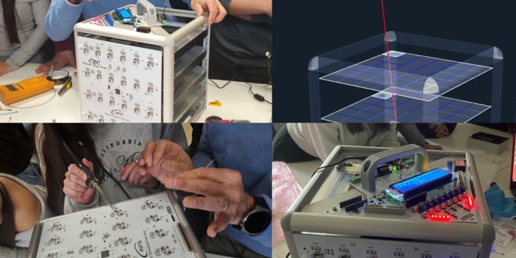 Le classi coinvolte, 3^B e 3^M, con la guida dell’Ing. Attanasio Candela del “Gran Sasso Tech” e con il supporto dei docenti referenti, Domenica Ranalli e Tonelli Francesco, hanno costruito, il Cosmic Rays Cube (CRC), rivelatore di raggi cosmici, un dispositivo di alta valenza scientifica e tecnologica: il telescopio CRC, infatti, converte il passaggio di particelle invisibili in un segnale di luce, rendendo, quindi, visibili particelle che sono invisibili all’occhio umano.
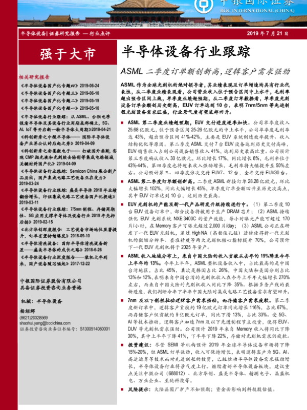 【中银证券】【20190721】半导体设备行业跟踪:ASML二季度订单额创新高,逻辑客户需求强劲-6页 行业研究
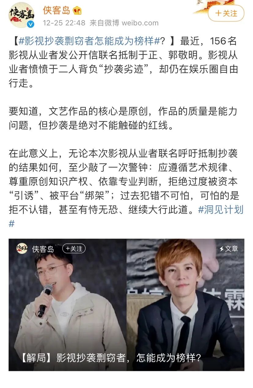 事情发生后,人民日报海外版官微“侠客岛”发布了一篇名为《影视抄袭剽窃者怎能成为榜样?》,文中提到:过去犯错不可怕,可怕的是拒不认错,甚至有恃无恐,继续大行此道!
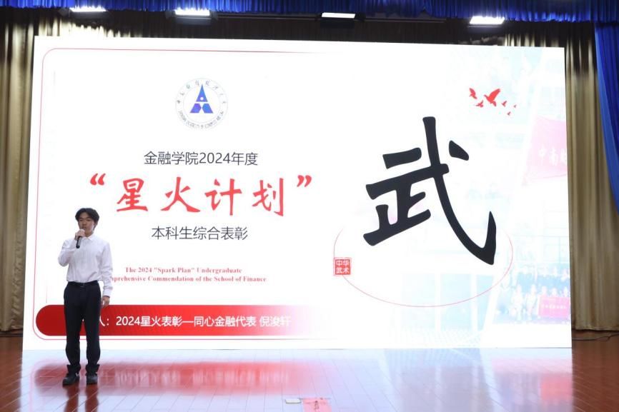 (通讯员 李奥 彭东 学生记者 段雨琦)为发挥新时代青年典范的示范引领效应,激励金融学子坚定理想信念,全面成长成才,3月20日,金融学院2024年度“三全育人”之“星火计划”本科生综合表彰大会在文泉楼报告厅隆重举行。校党委副书记陈狮,就业指导服务中心主任温习,党委组织部副部长潘常刚,党委宣传部副部长邓松,党委学生工作部副部长范献龙,校团委副书记林晶晶莅临活动现场。金融学院党委书记汪平,院长余明桂,副院长李建华、胡宏兵、吕勇斌,党委副书记朱诚蕾,学生工作办公室全体老师及400余名学生代表出席此次表彰大会。
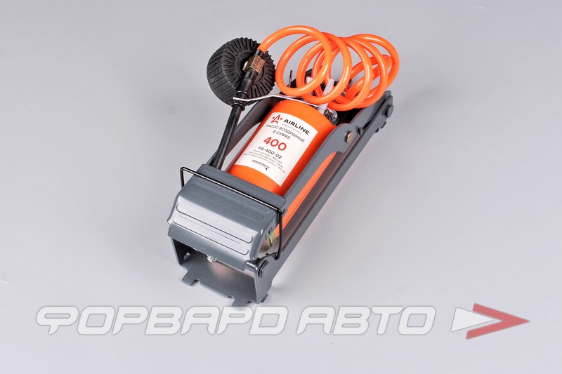 Насос ножной PA-400-02 от компании AIRLINE изготовлен из металла и имеет один цилиндр. Он поставляется в комплекте со спиральным шлангом длиной 400 мм.
..........
▸ What to produce
The listing above is to be retyped exactly, with all pictures left out.

▸ Expected output
 Le classi coinvolte, 3^B e 3^M, con la guida dell’Ing. Attanasio Candela del “Gran Sasso Tech” e con il supporto dei docenti referenti, Domenica Ranalli e Tonelli Francesco, hanno costruito, il Cosmic Rays Cube (CRC), rivelatore di raggi cosmici, un dispositivo di alta valenza scientifica e tecnologica: il telescopio CRC, infatti, converte il passaggio di particelle invisibili in un segnale di luce, rendendo, quindi, visibili particelle che sono invisibili all’occhio umano.
 【中银证券】【20190721】半导体设备行业跟踪:ASML二季度订单额创新高,逻辑客户需求强劲-6页 行业研究
 事情发生后,人民日报海外版官微“侠客岛”发布了一篇名为《影视抄袭剽窃者怎能成为榜样?》,文中提到:过去犯错不可怕,可怕的是拒不认错,甚至有恃无恐,继续大行此道!
 (通讯员 李奥 彭东 学生记者 段雨琦)为发挥新时代青年典范的示范引领效应,激励金融学子坚定理想信念,全面成长成才,3月20日,金融学院2024年度“三全育人”之“星火计划”本科生综合表彰大会在文泉楼报告厅隆重举行。校党委副书记陈狮,就业指导服务中心主任温习,党委组织部副部长潘常刚,党委宣传部副部长邓松,党委学生工作部副部长范献龙,校团委副书记林晶晶莅临活动现场。金融学院党委书记汪平,院长余明桂,副院长李建华、胡宏兵、吕勇斌,党委副书记朱诚蕾,学生工作办公室全体老师及400余名学生代表出席此次表彰大会。
 Насос ножной PA-400-02 от компании AIRLINE изготовлен из металла и имеет один цилиндр. Он поставляется в комплекте со спиральным шлангом длиной 400 мм.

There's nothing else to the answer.